The “downside” of this is that we can no longer test the original entity’s interface in isolation with unit tests. However, if the logic requires navigating the relationships like this, the reality is that individual entities aren’t independent in that sense anyway, so have we really lost anything of value here?

I find that writing a test suite at the level of the overall set of entities and their relationships — which is evidently the smallest semantically meaningful data set if we need logic like the example above — works fine as an alternative to dogmatically trying to test the interface for a single entity entirely in isolation. The code for each test just sets up the store of entities and adds the specific instances and relationships I want for each test, which makes each test scenario nicely transparent. This style also ensures the tests only depend on real code, not stand-ins like mocks or stubs.

I don't think the two versions are relevant to Law of Demeter. One example has pointers/references in a strong tree and another has indexed ones, but neither is embracing LoD more or less than the other.

This would be a more relevant example:

parent_entity.children.remove(this)

vs

parent_entity.remove_child(this)

...Where remove_child() would handle removing the entity from `children` directly, and also perhaps busting a cache, or notifying the other children that the heirarchy has changed, etc etc.

Going back to your original case, you _could_ argue that LoD would advise you to create a method on entity which returns the parent, but I think that would fall under encapsulation. If you did that though, you could hide the implementation detail of whether `parent` is a reference or an ID on the actual object, which is what most ORMs will do for you.

  • Ah, but what if children is some kind of List or Collection which can be data-bound? By Liskov's substition principle, you ought to be able to pass it to a Collection-modifying routine and have it function correctly. If the parent must be called the children member should be private, or else the collection should implement eventing and the two methods should have the same effect (and ideally you'd remove one).

    • That takes us back up to viardh's concluding remark from earlier in the thread:

      > You'll of course, as always, find people that takes this way too far. But the general principle is pretty much just to consider where it makes sense to hide linked objects behind a special purpose interface vs. exposing them to clients.

      I would say that if you're using a ViewModel object that will be data-bound, then you're sort of outside the realm of the Law of Demeter. It's really more meant to concern objects that implement business logic, not ones that are meant to be fairly dumb data containers.

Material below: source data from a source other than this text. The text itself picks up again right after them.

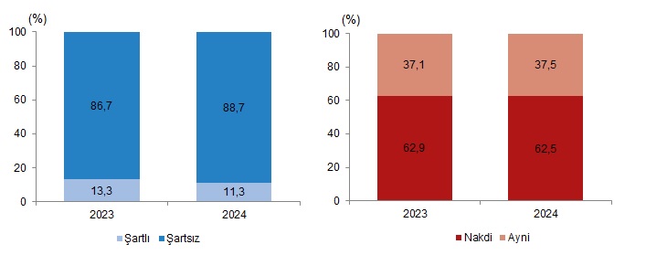 Sosyal koruma yardımlarının yüzde 11,3’ü şartlı olarak verildiŞartlı yardımlar içinde en büyük payı yüzde 51,2 ile aile/çocuk yardımları oluşturdu. Bunu yüzde 19,3 ile engelli/malul yardımları ve yüzde 12,3 ile hastalık/sağlık bakımı yardımları takip etti.Sosyal koruma yardımlarının yüzde 62,5’i nakdi olarak verildiNakdi yardımlarda en büyük payı yüzde 74,2 ile emekli/yaşlılara yapılan yardımlar oluşturdu. Bunu yüzde 16,1 ile dul/yetim yardımları ve yüzde 4,1 ile aile/çocuk yardımları takip etti.Türlerine göre sosyal koruma yardımları (%), 2023, 2024
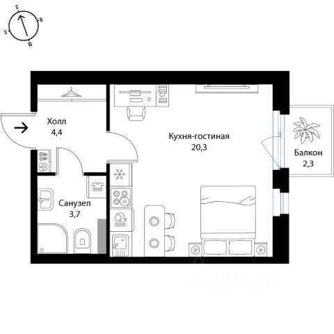Тип: студия с чистовой отделкой
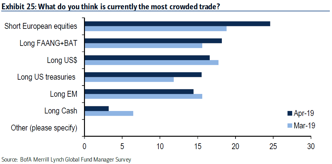 Additionally, Hartnett describes positioning in equities and as “well-below normal,” adding that the most crowded trade is still considered to be shorting European stocks. This is the second consecutive month in which short European equities is the most crowded trade.
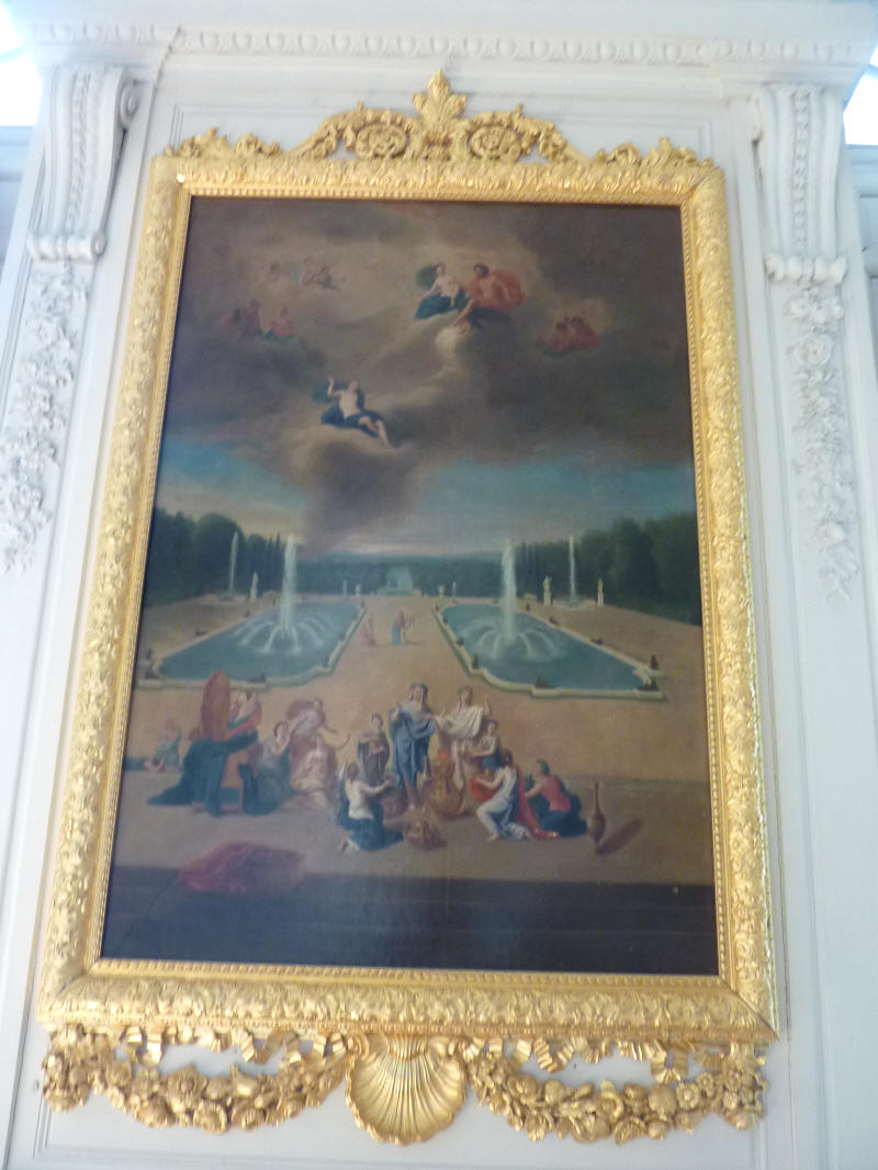 tableau des Parterres d'Eau - vue des Parterres d'Eau et des Cabinets des Animaux avec des prêtresses préparant un sacrifice à Vénus (cliquez sur la photo pour agrandir) Galerie des Cotelle du Grand Trianon le 19 février 2015

      On the other hand, if it is one that is allowed to implement business logic, then I'd say, yeah, making the children member public in the first place is violating the law. You want to keep that hidden and supply a remove_child() method instead, so that you can retain the ability to change the rules around when and how children are removed, without violating LSP in the process.

      3 replies →

  • FWIW, I was writing JavaScript in that example, so `entity.parent` might have been implemented internally as a function anyway:

        get parent() {
            return this.entities.find(this.parent_id);
        }
    

    I don’t think whether we write `entity.parent` or `entity.parent()` really matters to the argument, though.

    In any case, I see what you’re getting at. Perhaps a better way of expressing the distinction I was trying to make is whether the nested object that is being accessed in a chain can be freely used without violating any invariants of the immediate object. If not, as in your example where removing a child has additional consequences, it is probably unwise to expose it directly through the immediate object’s interface.

    • Yes, its a great case for making the actual `children` collection private so that mutation must go through the interface methods instead. But still, iteration over the children is a likely use case, so you are left with either exposing the original object or returning a copy of the array (potentially slower, though this might not matter depending).